I can, you know. Get something. For it.” Mrs. Smith spun her hi-ball on a thin layer of water. “That’s what he says. Who wants that, really?”

Sam was 23 and not at all sure why she was telling him about her…much older husband? He stood behind the bar polishing a glass, doing his best to avoid her eyes. The two were alone.

Get something for it, Sammy,” Mrs. Smith repeated. She expected a response. She stared at him, eyes upward as she sucked Seagrams through the straw. It unnerved him. She called him Sammy from day one and it still made his hair stand on end.

“Mrs. Smith –”

“Veronica.”

Sam closed his eyes before he tried to say just-her-name.

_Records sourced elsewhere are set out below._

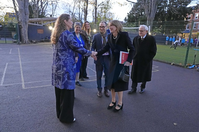 Elke Budenbender, wife of German President Frank-Walter Steinmeier, during a visit to the Judith Kerr Primary School in Herne Hill, south east London, on day one of the state visit to the UK by the President of the Federal Republic of Germany. Picture date: Wednesday December 3, 2025., Credit:Jordan Pettitt / Avalon
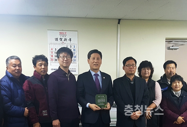 대전 유성구 송강동 청솔아파트 입주자대표회의가 16일 주민들의 주거환경 개선을 위해 노력한 새누리당 유성구의회 이희환 의원(의회운영위원장)에게 감사패를 전달했다.
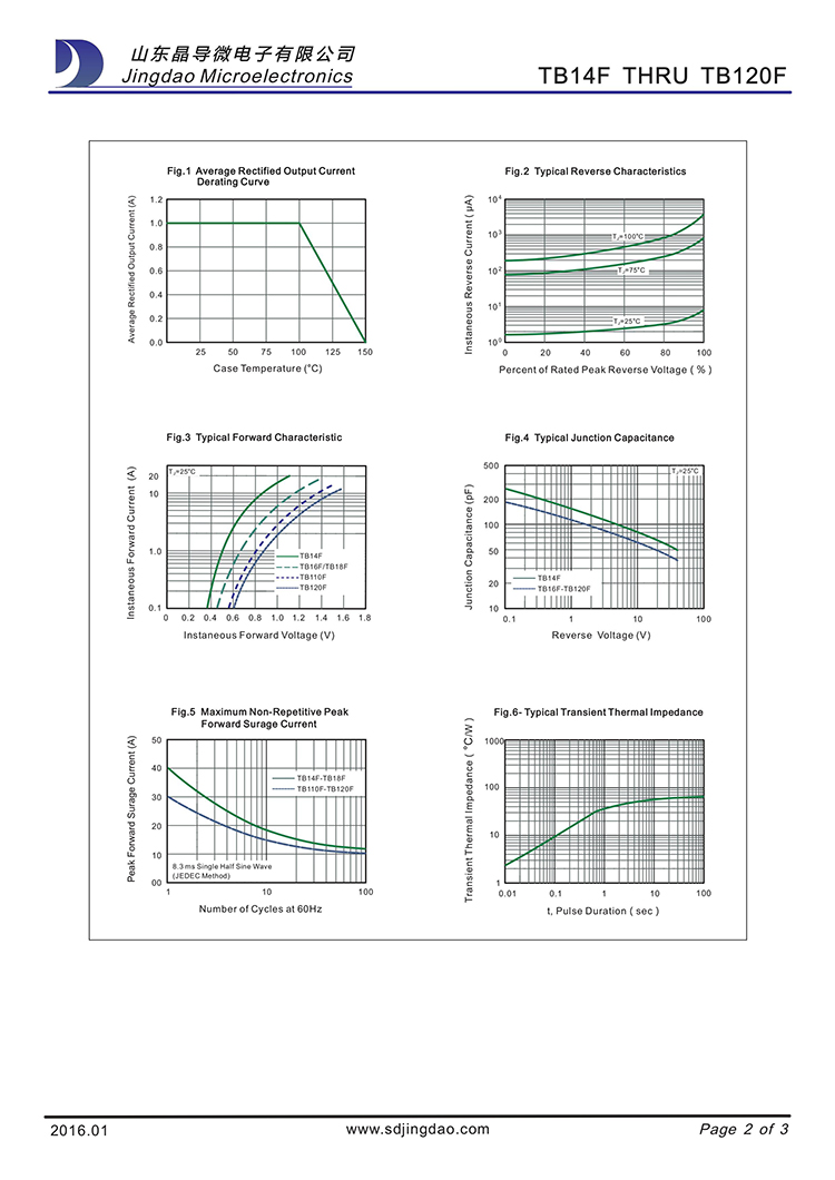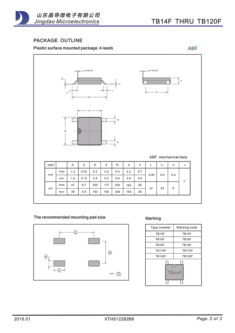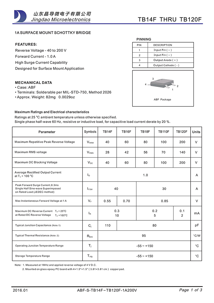 JINGDAO/晶导微 原厂原装全新正品贴片中低压超高频肖特基整流桥堆:TB120F、TB115F、TB110F、TB18F、TB16F、TB14F;反向恢复时间:5ns;最大正向平均整流电流IF:1A;最大正向峰值抗浪涌电流IFSM:30A~40A;最大反向峰值电压VRRM:200V~40V;正向管压降VF:0.55V~0.95V;反向漏电流IR:300ua;工作储存芯片结温:-55℃~150℃;安装封装方式:TBF-4 : 5.2*6.4*1.2mm。
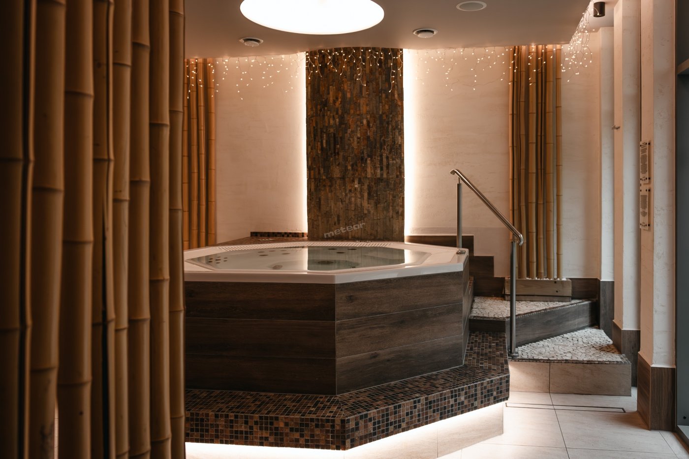 Зона СПА, включенная в стоимость номера, включает в себя: финскую сауну, травяную сауну, паровую баню, охлаждающий комплекс (деревянная купель, подвесной душ-ведро и ледяной водопад), а также крытое и открытое джакузи, работающие круглый год. Зона релаксации включает в себя соляную стену и мини-соляную градирню. В зоне СПА также имеется реабилитационный бассейн с гидромассажем, водопадом, системой противотока и воздушным гейзером.
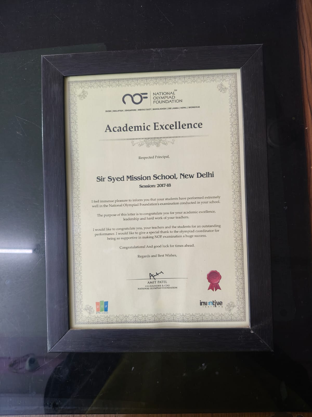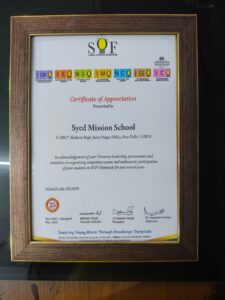 It was a proud moment for Sir Syed Mission School when it’s students achieved 1st & 2nd ranks in the state in Olympiad International Qualifier examinations conducted by NOF (National Olympiad Foundation). NOF constitutes docking of academic talent and social entrepreneurship helping the talent to come out from the walls of classroom. NOF conducts one of its own GLOBAL talent search exam where the resources are utilized for children in need who are ignorant about education.

It was quick, no more than a half-second, but enough for her. She reached her hand closer to him. Her bangles clinked and she wiggled her fingers.  Her face said she was going to help him get past this. She was there, always. To help.

It was time to put-up or shut-up.

“Mrs. – Veronica, you know what we used to call your class, don’t you?”

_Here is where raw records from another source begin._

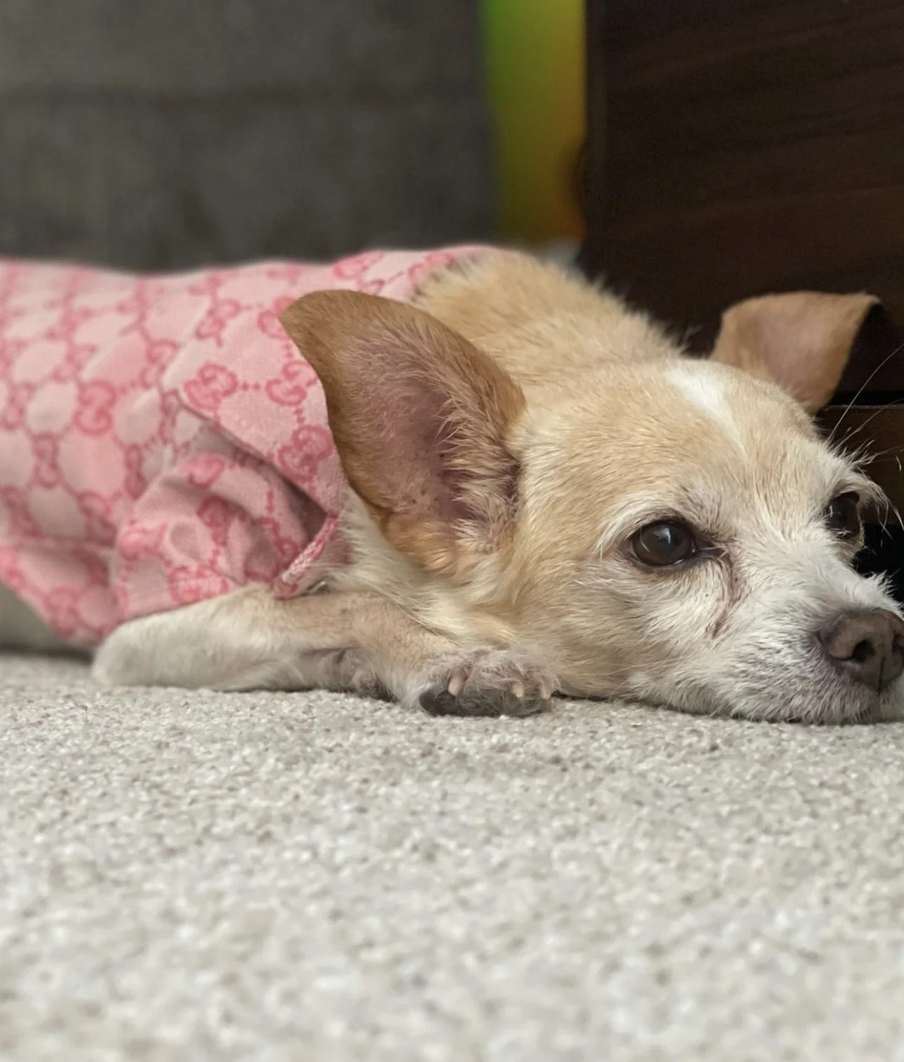 Small tan and white dog lying on a carpeted floor wearing a pink patterned garment, resting its head on the floor with a relaxed expression.
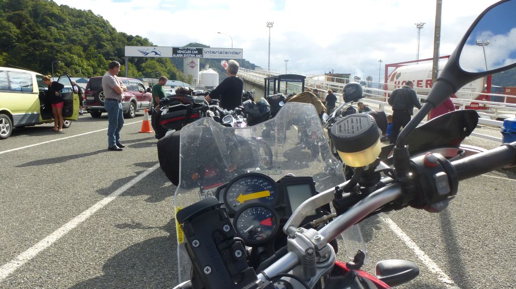 Today I wound up my travels on the South Island and got on the ferry to Wellington in the North Island. My ferry was at 1:15 PM and we were instructed to get there at 12:15 PM. I decided to go a bit earlier and got there at 11:45 AM. This worked out well because I was at the front of the line in a big group of motorcyclists who were returning from a rally in Queenstown, and not so good because the ferry was running late and I had to stand there for almost an hour.
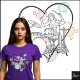 Structure: Female drummer framed by a heart outline and pastel abstract shapes.

The question intrigued her. She forgot her hand, lonely against the bar, and let the straw slip from her lips. “No, what?”

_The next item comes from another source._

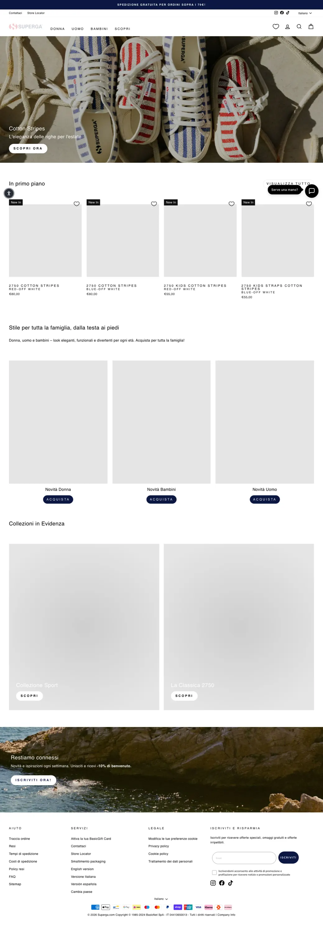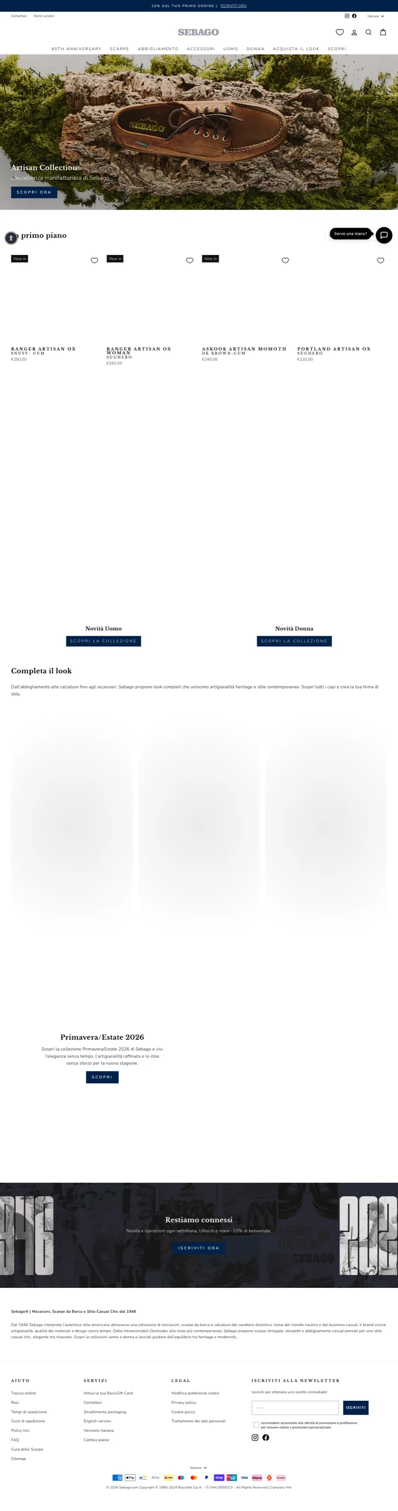 - —Sebago: sebago.com/it_IT 404, account social frammentati

He set down the glass and the towel. Standing up full and straight, he said: “Woodshop.”

The English teacher didn’t understand until she did, pulling back her hand from an increasingly virile Sam. Not Sammy, but a man at his peak who added a confession that became a point of pride:  “I know it was for me.”

He heard the word “inappropriate” as she pushed into the glare outside. She would not be back. Sam picked up her glass, downed the last, and returned to his brilliant day.